Pela ausência de conhecimento da intelectual e de suas obras é que me permito iniciar com uma breve nota biográfica. Começo pelo impacto de seu falecimento, aos 75 anos de idade, no dia 30 de novembro de 2015, e pelas justas homenagens que recebeu. Os obituários de jornais como New York Times, Guardian, Libération, The Arab Weekly, Morocco World News, de instituições como Muslim Institute, Oxford Research Encyclopedias e diversas notas biográficas a descreveram como fundadora do feminismo islâmico, figura importante e influente do feminismo árabe, inspiração e ícone do feminismo marroquino, voz eloquente da intelectualidade do mundo árabe, uma mulher intelectual, imponente e poderosa; ativista e revolucionária, livre-pensadora e humanista, a mais célebre escritora feminista dos tempos modernos, cujo legado inspirou e continuará inspirando gerações de homens e mulheres do Oriente e do Ocidente.
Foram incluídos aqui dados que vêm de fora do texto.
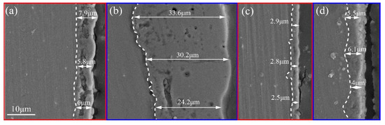 Figure 4 shows the cross-sectional morphology of the PEO sample of AZ31 magnesium alloy in different electrolytes. It can be seen that the cross-sectional morphology of the PEO samples in different electrolytes is clearly different, and the thickness is in the following order: Si-coating > Al-coating > F-coating > P-coating The thickness of the Si-coating layer is 4–5 times that of the Al-coating layer, and the thickness of the thinnest P-coating layer is 2.5–2.9 µm. The height of the voltage–time curve corresponds to the coating layer thickness: the greater the thickness, the greater the breakdown voltage required. For example, the largest and smallest Si-coating and P-coating thickness values, respectively, correspond to the highest and lowest voltage–time curves, respectively.

Seu importante papel como intelectual do mundo árabe e islâmico, e para além dele, foi reconhecido em vida. Em 2003, dividiu com Susan Sontag o Prêmio Príncipe das Astúrias das Letras pelos trabalhos dedicados ao diálogo entre culturas, tendo ambas desbancado 42 fortes candidaturas, como a do egípcio Nagib Mahfuz e a do peruano Alfredo Bryce. Em 2004, Mernissi recebeu o prêmio anual da Fundação Erasmus e, em 2013, integrou a lista da revista Arabian Business e a do Guardian como uma das cem mulheres mais influentes do mundo árabe e do mundo, respectivamente. Foi escolhida para o grupo de sábios da Comissão Europeia para o diálogo entre povos e culturas, atuou em diversos trabalhos para a Unesco e para a Organização Internacional do Trabalho da ONU sobre a condição das mulheres em seu país.
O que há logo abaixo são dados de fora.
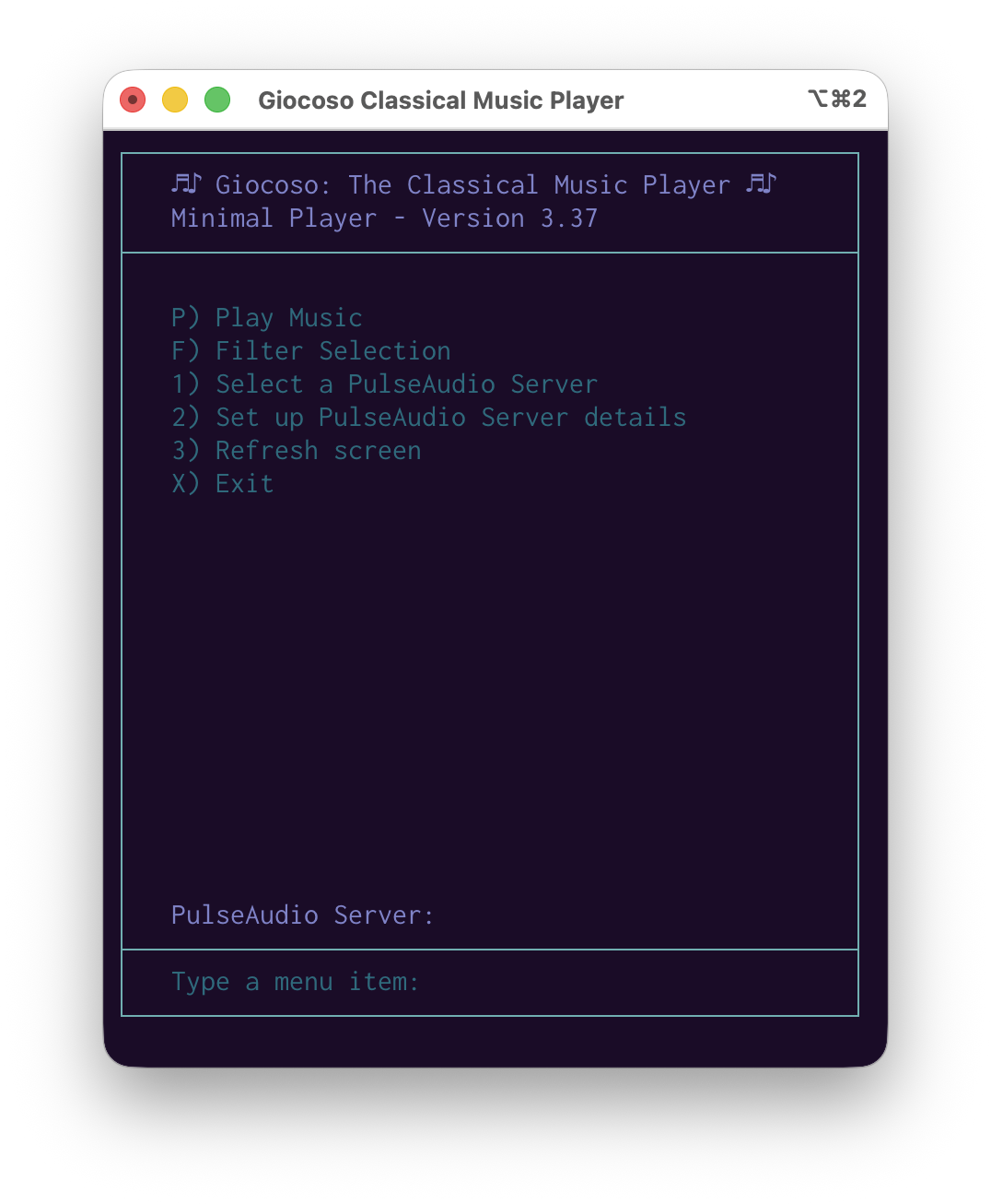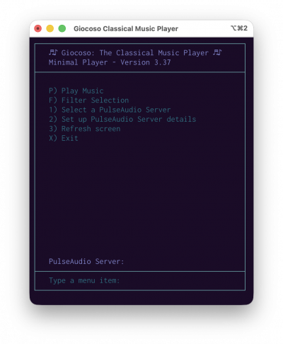 New Feature: MacOS can now do PulseAudio playback. That is, you can run Giocoso on your desktop iMac or Mac Mini and have the audio play via some other PC anywhere on your network. It's a bit fiddly to configure (article incoming!!), but so long as your Mac has the environment variable PULSE_SERVER set, and has a version of ffmpeg installed that works with PulseAudio, and there's a remote PC configured to act as a PulseAudio server, then you press play on the iMac and the sound comes out via a Debian box or an Arch PC.

Após sua morte — lamentada por colegas, alunos, discípulos, admiradores —, as homenagens não cessaram. Cátedras Fatima Mernissi foram criadas na Universidade Muhammad V, onde lecionou, na Universidade Livre de Bruxelas e na Universidade Autônoma do México. A Mesa (Middle East Studies Association) criou o Fatima Mernissi Book Award para premiar estudos de gênero; o Instituto Africano de Sharjah criou a bolsa Fatima Mernissi e, em março de 2022, o Correio magrebino estampou um selo em sua homenagem.

Esse reconhecimento não foi por acaso, mas sim a coroação de uma trajetória de vida e de uma carreira construída em condições que poderiam ser consideradas adversas. Mernissi nasceu em 1940 na cidade de Fez, no Marrocos, em uma família de classe média e tradicional em que o acesso à educação das mulheres passava a ser possível para a sua geração. A mãe, as tias e as avós eram analfabetas e nunca ocuparam os bancos escolares, mas Mernissi pôde ter acesso à educação primária e secundária graças aos movimentos nacionalistas que criavam escolas destinadas à educação de meninas. Pôde também transgredir o espaço doméstico do harém e abdicar do uso do véu, no qual as mulheres de sua família ainda estavam enredadas. Para Mernissi, as mulheres analfabetas, confinadas e veladas das gerações anteriores a sua eram a força motriz e progressista que garantiria às gerações seguintes a ruptura com a ignorância, os muros e o véu.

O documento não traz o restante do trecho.